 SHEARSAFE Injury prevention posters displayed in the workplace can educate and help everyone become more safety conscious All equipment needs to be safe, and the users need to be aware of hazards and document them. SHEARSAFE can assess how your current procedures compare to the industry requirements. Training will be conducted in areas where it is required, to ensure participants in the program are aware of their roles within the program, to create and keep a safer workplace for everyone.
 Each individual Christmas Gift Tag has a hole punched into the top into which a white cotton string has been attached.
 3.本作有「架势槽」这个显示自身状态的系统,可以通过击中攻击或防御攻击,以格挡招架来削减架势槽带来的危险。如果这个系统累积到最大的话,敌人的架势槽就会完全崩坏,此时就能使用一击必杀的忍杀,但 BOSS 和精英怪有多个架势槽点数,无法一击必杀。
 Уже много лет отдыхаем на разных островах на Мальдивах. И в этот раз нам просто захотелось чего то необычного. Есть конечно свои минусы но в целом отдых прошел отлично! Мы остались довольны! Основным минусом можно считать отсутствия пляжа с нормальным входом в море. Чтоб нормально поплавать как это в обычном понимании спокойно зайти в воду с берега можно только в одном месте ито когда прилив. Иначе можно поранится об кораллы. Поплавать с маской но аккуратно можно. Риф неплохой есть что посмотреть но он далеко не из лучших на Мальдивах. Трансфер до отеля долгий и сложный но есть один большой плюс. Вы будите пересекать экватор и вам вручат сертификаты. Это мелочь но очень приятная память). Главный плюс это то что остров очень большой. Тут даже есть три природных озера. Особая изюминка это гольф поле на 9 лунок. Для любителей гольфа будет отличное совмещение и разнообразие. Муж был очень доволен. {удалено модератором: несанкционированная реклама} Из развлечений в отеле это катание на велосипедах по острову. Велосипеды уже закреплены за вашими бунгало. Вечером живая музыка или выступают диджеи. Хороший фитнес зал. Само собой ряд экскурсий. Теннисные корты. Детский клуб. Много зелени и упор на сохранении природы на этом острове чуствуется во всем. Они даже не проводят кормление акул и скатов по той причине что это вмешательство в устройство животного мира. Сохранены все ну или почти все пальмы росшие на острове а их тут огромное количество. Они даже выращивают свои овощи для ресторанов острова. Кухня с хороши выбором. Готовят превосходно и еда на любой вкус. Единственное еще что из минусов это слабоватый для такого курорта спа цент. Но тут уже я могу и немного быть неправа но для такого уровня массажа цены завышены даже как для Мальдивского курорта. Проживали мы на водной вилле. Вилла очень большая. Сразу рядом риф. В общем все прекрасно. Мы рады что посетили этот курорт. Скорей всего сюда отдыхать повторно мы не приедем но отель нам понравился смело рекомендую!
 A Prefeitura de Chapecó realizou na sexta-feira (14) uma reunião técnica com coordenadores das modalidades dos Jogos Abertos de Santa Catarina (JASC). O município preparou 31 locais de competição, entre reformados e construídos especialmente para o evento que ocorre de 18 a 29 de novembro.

==

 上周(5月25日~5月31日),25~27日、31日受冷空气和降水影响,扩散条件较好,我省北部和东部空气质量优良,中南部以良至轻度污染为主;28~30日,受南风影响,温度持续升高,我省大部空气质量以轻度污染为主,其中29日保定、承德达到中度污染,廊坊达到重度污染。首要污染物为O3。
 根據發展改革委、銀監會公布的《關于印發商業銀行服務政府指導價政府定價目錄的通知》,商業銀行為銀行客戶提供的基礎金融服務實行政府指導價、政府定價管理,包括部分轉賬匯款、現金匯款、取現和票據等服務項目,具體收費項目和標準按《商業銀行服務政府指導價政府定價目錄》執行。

Aim of the exercise.
There is a line with "上周(5月25日~5月31日" and a line with "根據發展改革委、銀監會公布的" above. Copy exactly those two lines and all lines between them, with nothing else.

Written response.
 上周(5月25日~5月31日),25~27日、31日受冷空气和降水影响,扩散条件较好,我省北部和东部空气质量优良,中南部以良至轻度污染为主;28~30日,受南风影响,温度持续升高,我省大部空气质量以轻度污染为主,其中29日保定、承德达到中度污染,廊坊达到重度污染。首要污染物为O3。
 根據發展改革委、銀監會公布的《關于印發商業銀行服務政府指導價政府定價目錄的通知》,商業銀行為銀行客戶提供的基礎金融服務實行政府指導價、政府定價管理,包括部分轉賬匯款、現金匯款、取現和票據等服務項目,具體收費項目和標準按《商業銀行服務政府指導價政府定價目錄》執行。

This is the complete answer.